*** SUPPLIED MATERIAL ***

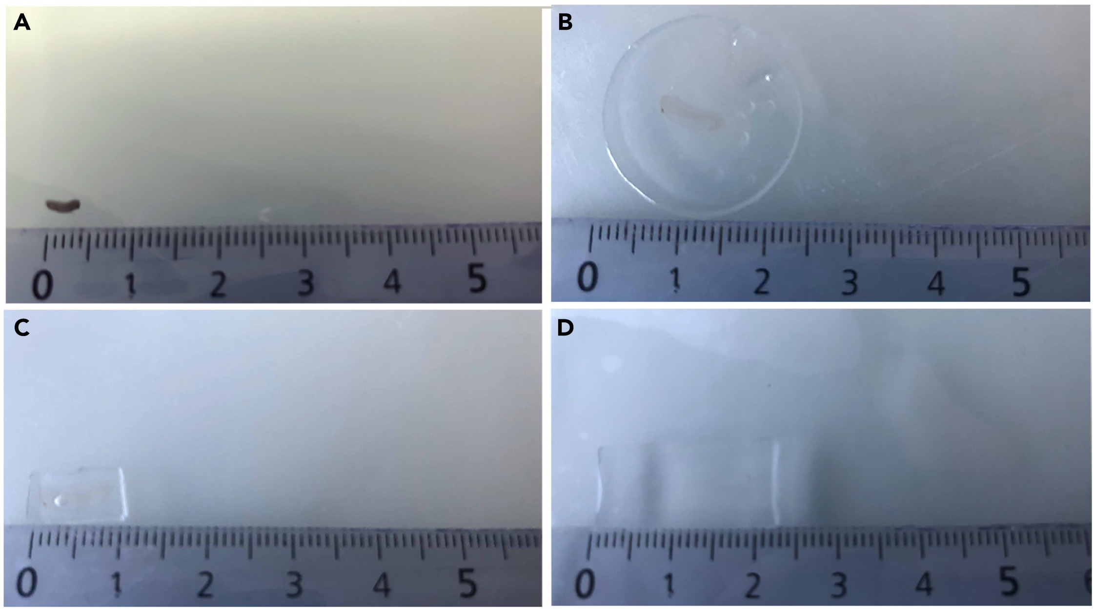 (C) Gel on day 8 after trimming at 1 mm around the embryo. In this example the length of the trimmed rectangle is 12 mm.
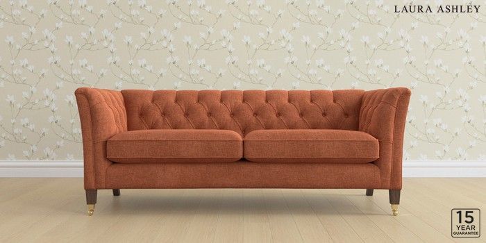 6.12.13 Buy Chatsworth Button Back by Laura Ashley 3 Seater Sofa Nantmor Rust Orange Straight Brass Castor - Chestnut from the Next UK online shop Click here to use our accessible website
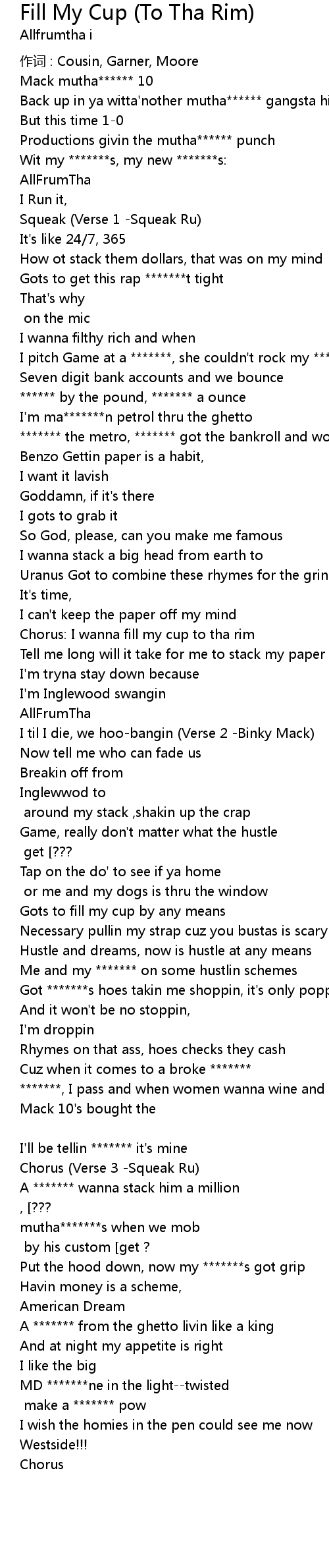 | Live [in plusses ?] by his custom [get ?] that's the *******t | |
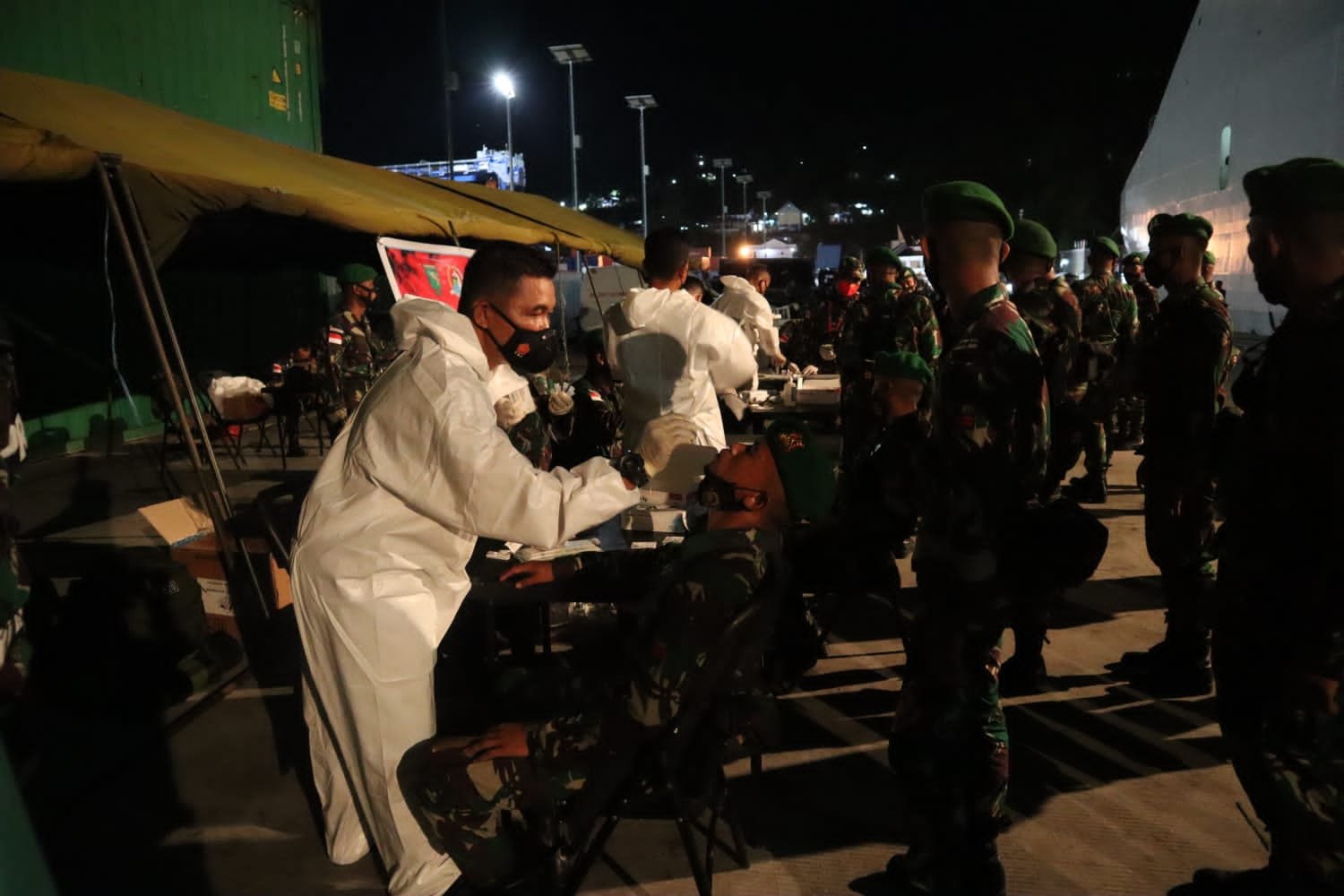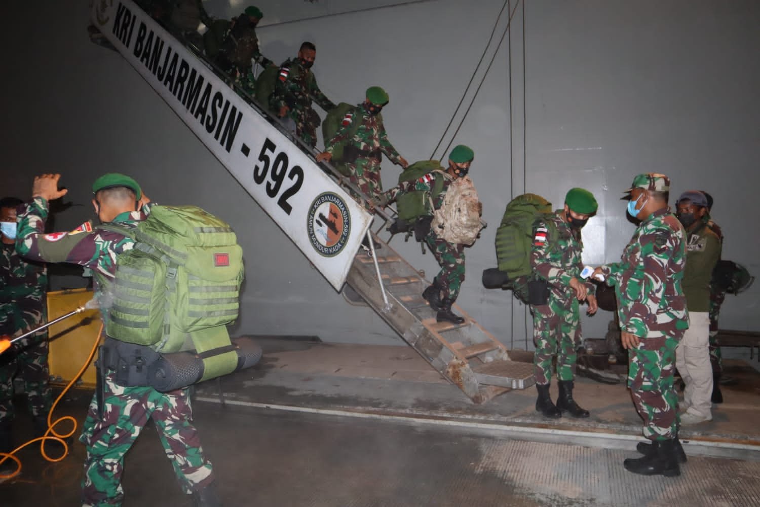 Komandan KRI Banjarmasin 592 menjelaskan debarkasi seluruh personil Satgas Pamtas RI-PNG itu dilakukan dengan mematuhi standar protokol kesehatan Covid-19 mulai dari pengecekan suhu badan personil TNI AD, hingga penyemprotan cairan disinfektan terhadap barang-barang bawaan para personil Satgas Pamtas RI-PNG.

*** End of SUPPLIED MATERIAL ***

- PROMPT:
Transcribe all of the lines above exactly as given. The pictures stay out.

- PROBLEM SOLUTION:
 (C) Gel on day 8 after trimming at 1 mm around the embryo. In this example the length of the trimmed rectangle is 12 mm.
 6.12.13 Buy Chatsworth Button Back by Laura Ashley 3 Seater Sofa Nantmor Rust Orange Straight Brass Castor - Chestnut from the Next UK online shop Click here to use our accessible website
 | Live [in plusses ?] by his custom [get ?] that's the *******t | |
 Komandan KRI Banjarmasin 592 menjelaskan debarkasi seluruh personil Satgas Pamtas RI-PNG itu dilakukan dengan mematuhi standar protokol kesehatan Covid-19 mulai dari pengecekan suhu badan personil TNI AD, hingga penyemprotan cairan disinfektan terhadap barang-barang bawaan para personil Satgas Pamtas RI-PNG.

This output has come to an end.